------ DATASET ENTRIES

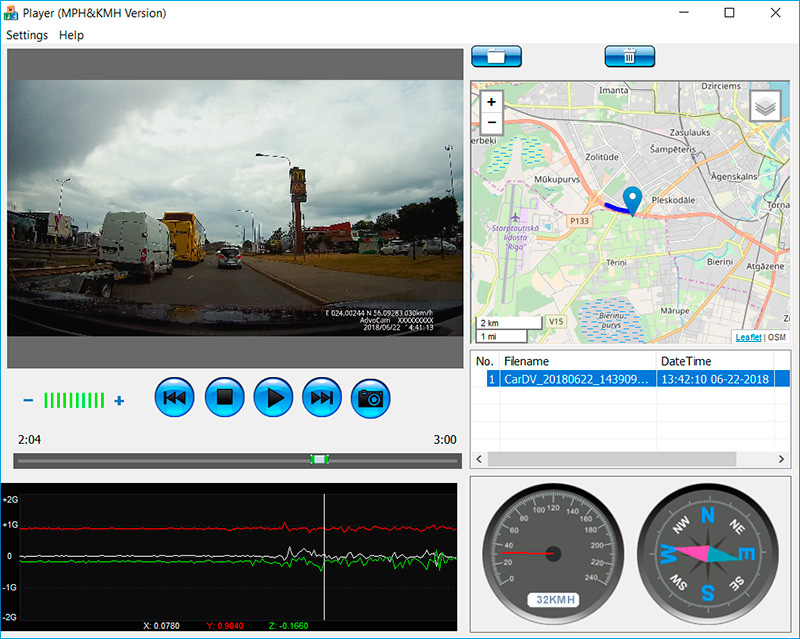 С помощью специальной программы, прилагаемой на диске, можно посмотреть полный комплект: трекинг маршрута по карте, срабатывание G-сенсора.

------------
------ DATASET ENTRIES

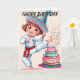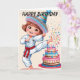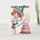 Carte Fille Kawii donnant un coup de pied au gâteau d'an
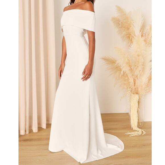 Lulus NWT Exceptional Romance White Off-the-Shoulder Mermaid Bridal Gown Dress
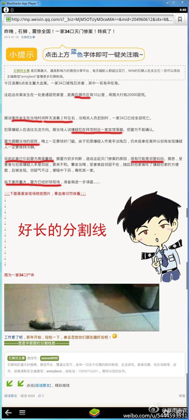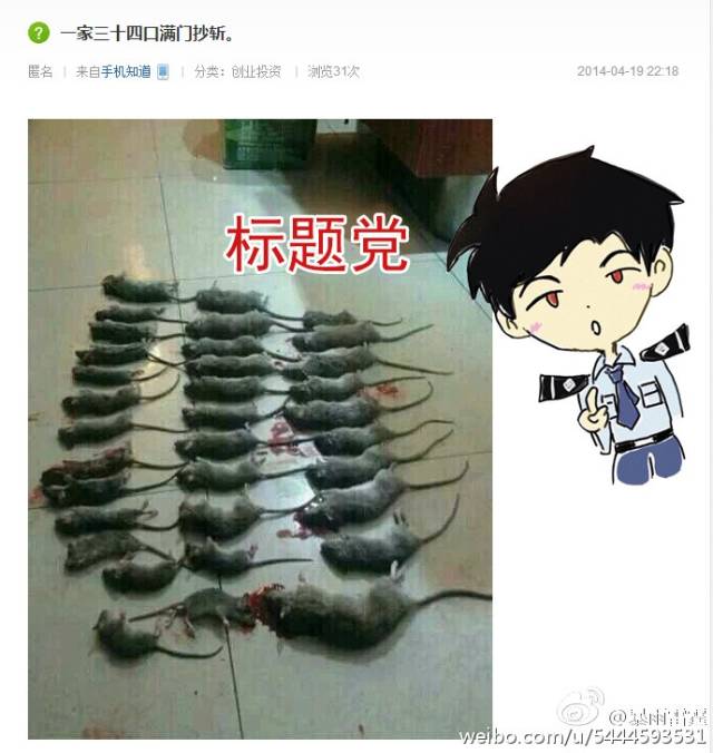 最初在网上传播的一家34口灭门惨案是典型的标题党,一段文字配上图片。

------------

• **ASSIGNMENT**: In the listing above, find the line containing "Carte Fille Kawii" and the line containing "最初在网上传播的一家34口灭门惨案是典型的标题党,一段文字配上图片。"; print those lines and every line between them exactly, leaving out pictures.

• **THE COMPLETED TASK**:
 Carte Fille Kawii donnant un coup de pied au gâteau d'an
 Lulus NWT Exceptional Romance White Off-the-Shoulder Mermaid Bridal Gown Dress
 最初在网上传播的一家34口灭门惨案是典型的标题党,一段文字配上图片。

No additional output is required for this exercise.